Problem requirements:
Copy the records below word for word, from the first line through the line that contains "Leiligheten har vannbåren", and leave out any pictures.

Supplied material:

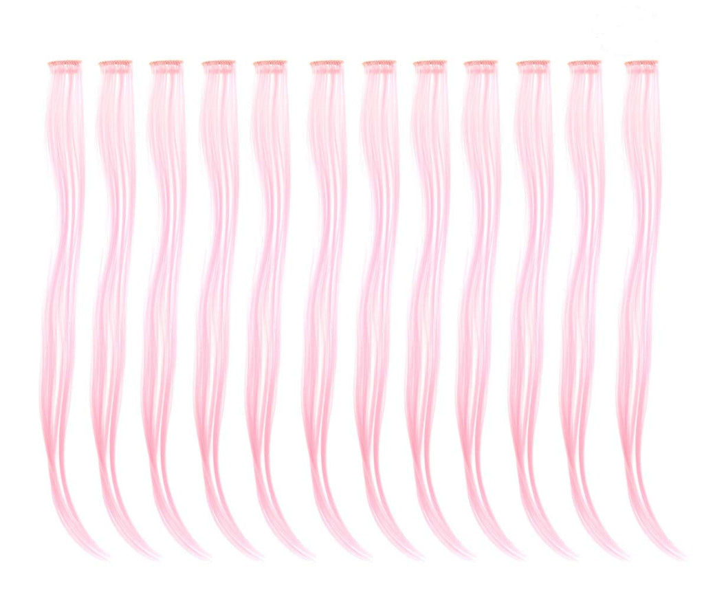 Pink : SWACC 12 Pcs Straight One Color Party Highlights Clip on in Hair Extensions Colored Hair Streak Synthetic Hairpieces (Pink)
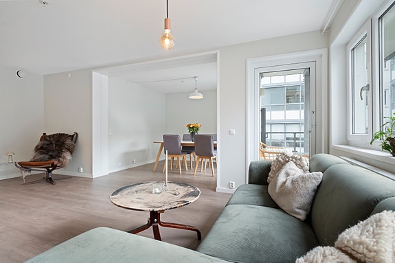 Leiligheten har vannbåren varme/fjernvarme og inkluderer en vaskemaskin. TV og internett er inkludert i leien.
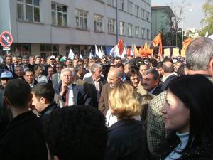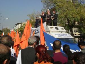 “Emekçileri Karşısına Alan Bedel Öder”11.11.2004 Sosyal Sigortalar Kurumu’na ait Sağlık Birimlerinin Sağlık Bakanlığı’na devredilmesi ve Köy Hizmetleri Genel Müdürlüğünün kapatılmasına karşı Emek Platformunun aldığı eylem kararları uygulanmaya devam ediyor. 11 Kasım 2004 Perşembe günü Emek Platformu bileşenleri SSK hastanelerinin bulunduğu tüm illerde hastanelere sahip çıkma ziyaretleri yaparak basın açıklamasında bulundular. Ankara’da, Konur Sokaktaki “SSK Yenişehir Polikliniği” önünde yapılan basın açıklamasında, Konfederasyon Başkanımız Sayın Salih KILIÇ; “Emekçileri karşısına almakla hükümetin büyük hata yaptığını, geçmişteki hükümetlerin bunun bedelini ağır ödediklerini, AKP Hükümetinin de bu bedeli çok ağır ödeyeceğini söyledi.”Emekçiler “20 Kasım’da Kızılay’dayız.” sloganı atarak dağıldılar. Saygılarımızla, Petrol-İş Sendikası Ankara Şubesi Yönetim Kurulu Adına Mustafa ÖZGEN Başkan
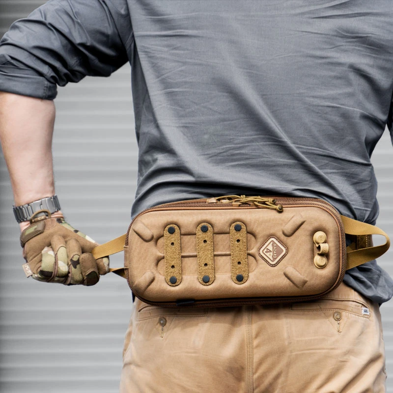 Hazard 4’s unique molded shell protects the contents and has one patented Hard-Point® connector pad for attaching optional loops, lights, etc. The shell also hosts the patented hard-molle military modular webbing for mounting extra pouches, tools, etc., velcro patches/i.d. windows and ¼ 20” screw gear.
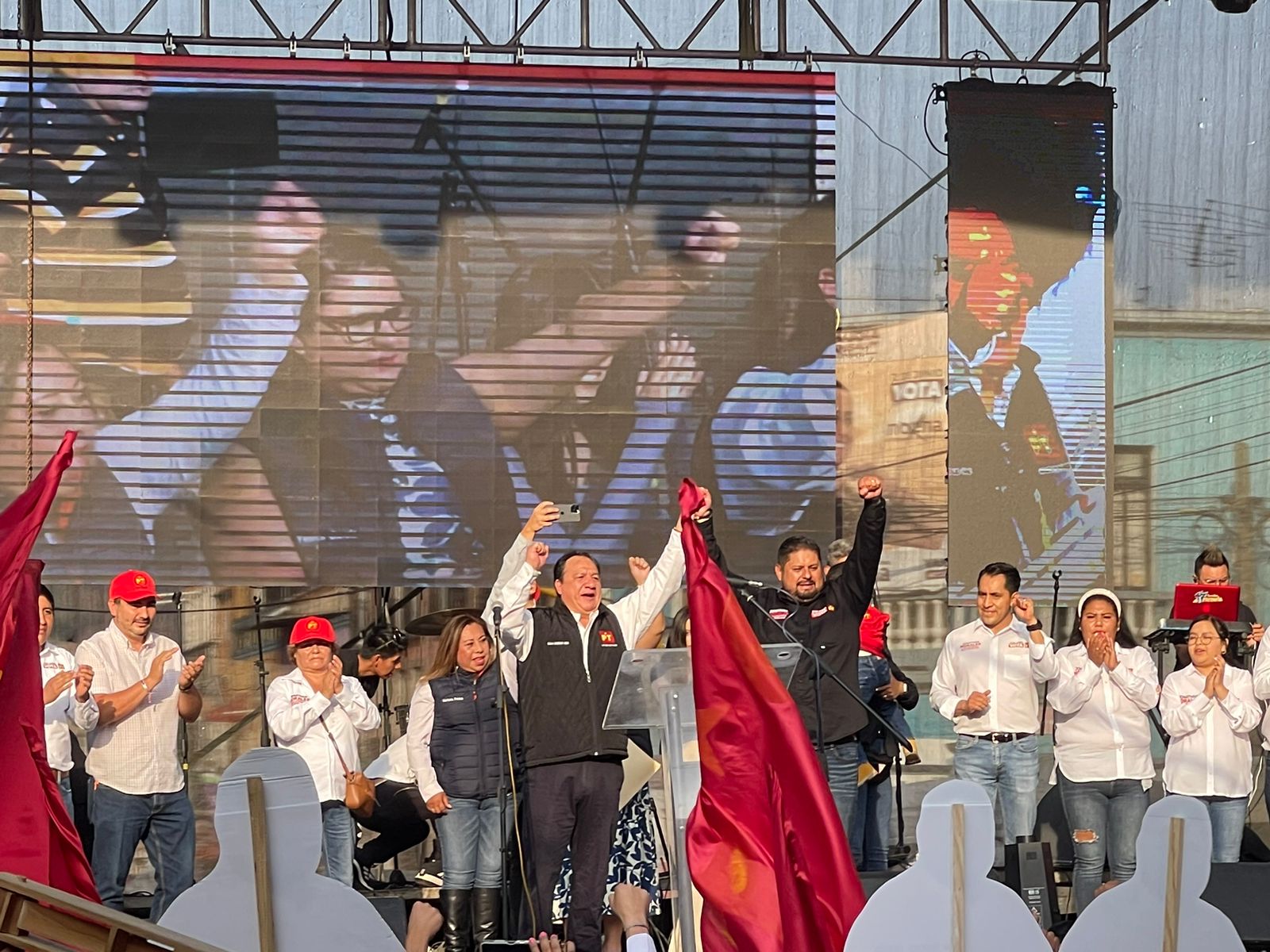 Por la izquierda: Jonathan Morales cerró campaña en Tenango del Valle, con el respaldo de los liderazgos del PT, como el caso de Oscar González Yañez, quienes están trabajando fuerte para consolidar dicho proyecto.
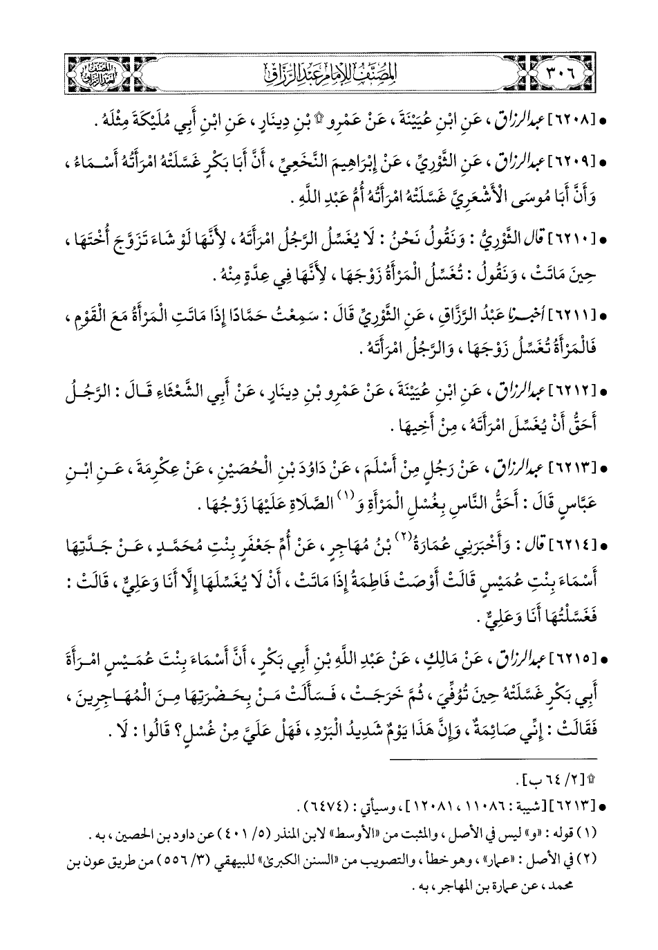 6213- عبد الرزاق، عَن رَجُلٍ مِنْ أَسْلَمَ، عَن دَاوُدِ بْنِ الْحُصَيْنِ، عَنْ عِكْرِمَةَ، عَنِ ابْنِ عَبَّاسٍ، قَالَ: أَحَقُّ النَّاسِ بغُسْلِ المَرْأَةِ وَالصَّلاَةِ عَلَيْهَا زَوْجُهَا.
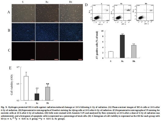 3.評(píng)估氫氣在 動(dòng)物模型(致死/亞致死劑量輻射)和 細(xì)胞模型(IEC-6腸上皮細(xì)胞)中的保護(hù)效果。
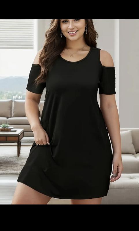 Елегантна Літня Сукня з Відкритими Плечима для Жінок Plus Size - Однотонна, Еластична та Облягаюча зі Круглим Вирізом
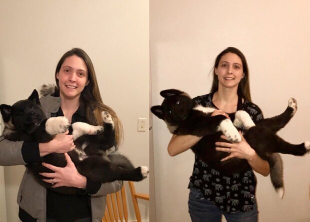 Daniel věděla, že Akita rostou velmi rychle, rozhodla se proto, tento proces sledovat pomocí fotografií. Poprvé byla žena fotografována se svým mazlíčkem v náručí, když mu bylo deset týdnů. Od té doby začala pořizovat fotky každý měsíc.
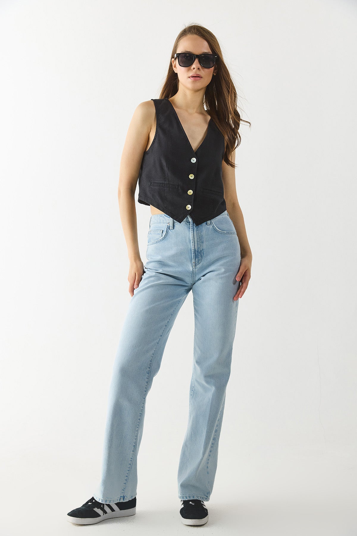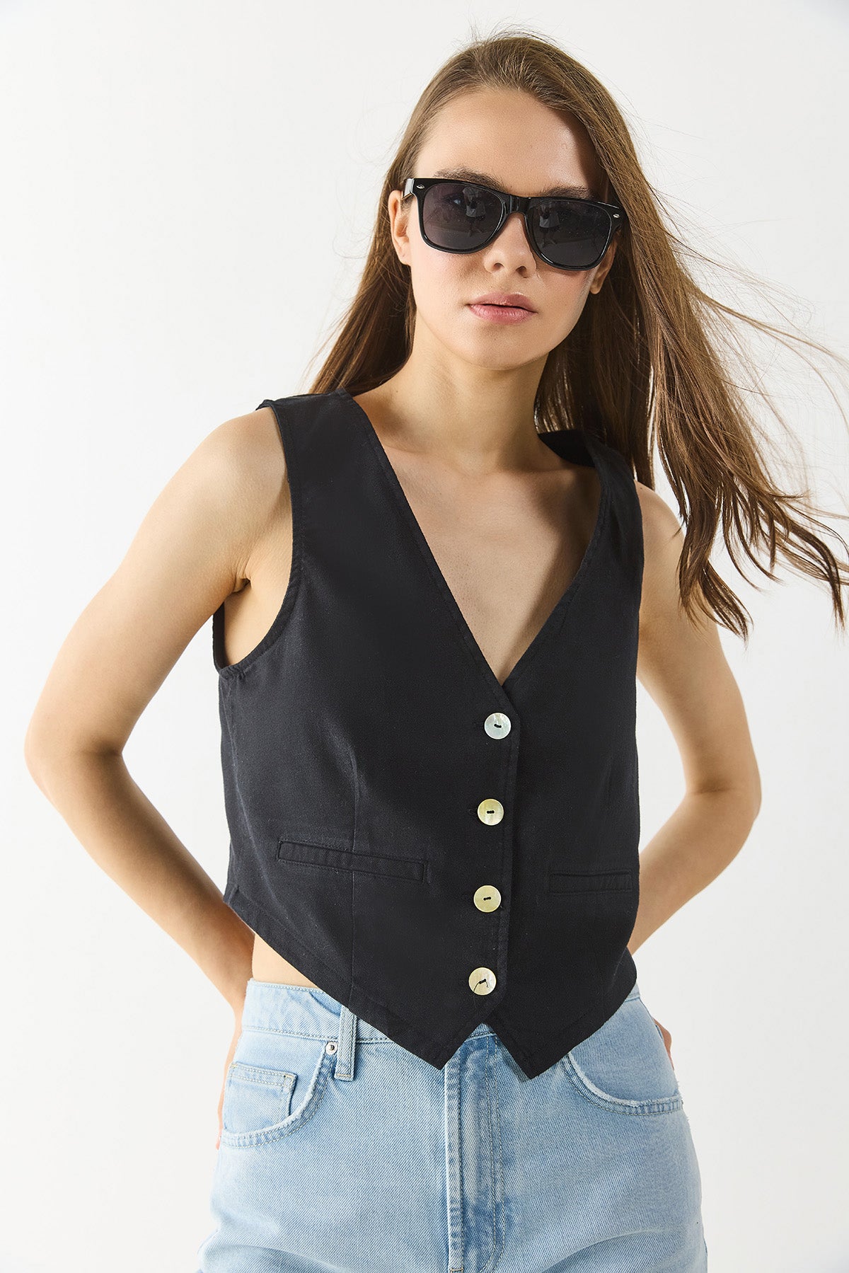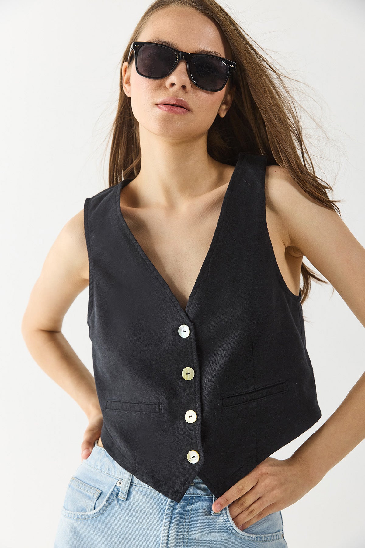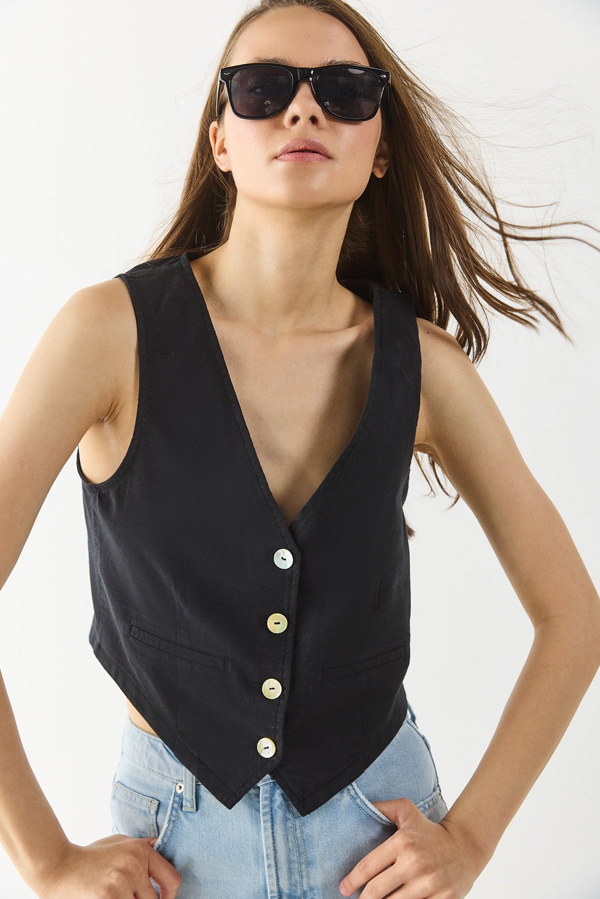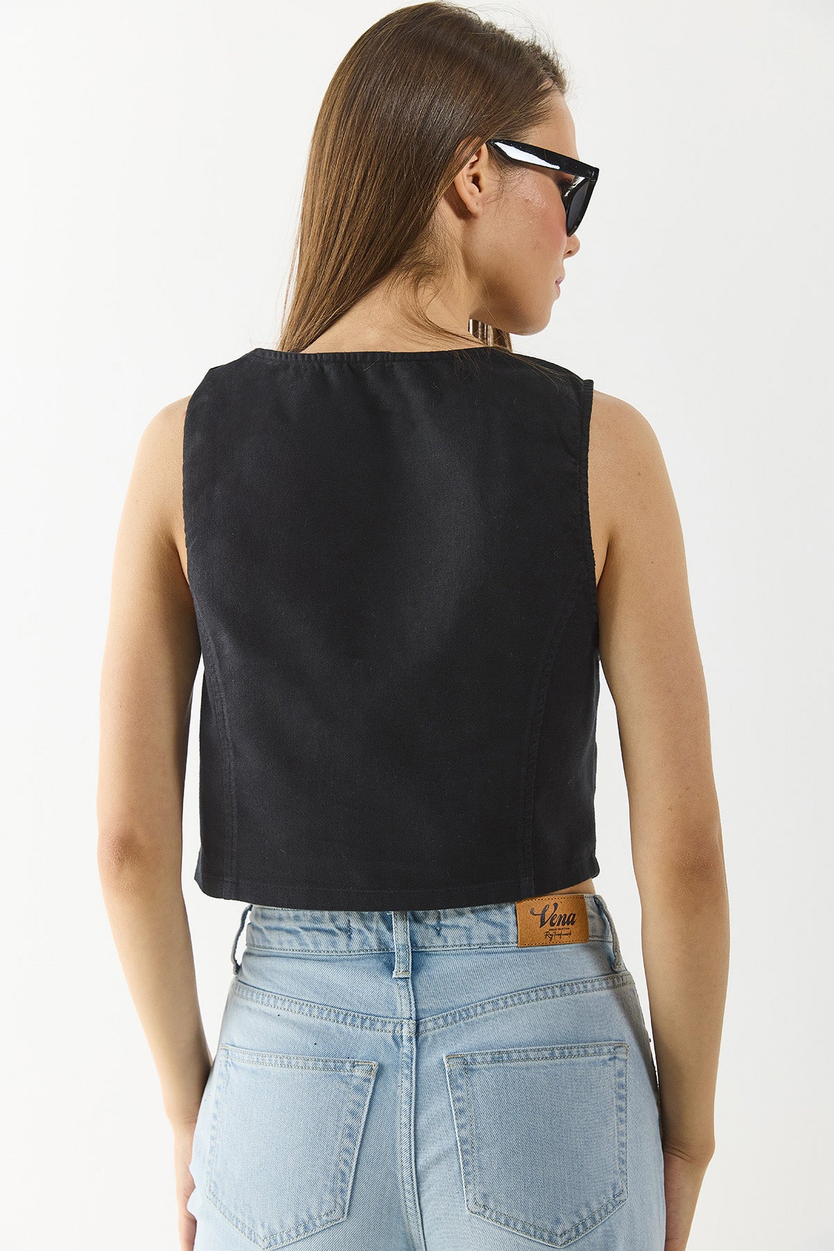 Kadın Keten Yelek Form Bluz - Siyah
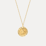 The Angels From Above Necklace features a solid 14k gold medallion with an intricate engraving of two angels in flight, framed by a delicate lace-like border. A symbol of divine protection and spiritual guidance, this piece captures the beauty of celestial beings in motion.
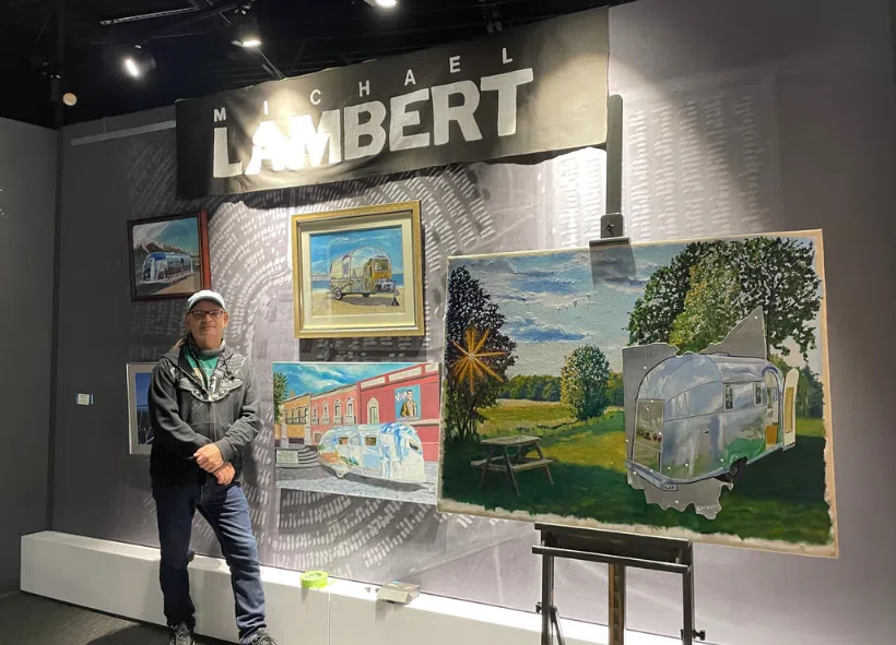 “For 30 years or so, I’ve been dabbling with aluminum as one of the media in my artwork,” explains Lambert,” and that love affair of using aluminum turned into an interest in painting reflective surfaces. And in the case I think we’re talking about today, it’s the reflective magical qualities of a polished vintage Airstream travel trailer.”

Solution for this task:
 Pink : SWACC 12 Pcs Straight One Color Party Highlights Clip on in Hair Extensions Colored Hair Streak Synthetic Hairpieces (Pink)
 Leiligheten har vannbåren varme/fjernvarme og inkluderer en vaskemaskin. TV og internett er inkludert i leien.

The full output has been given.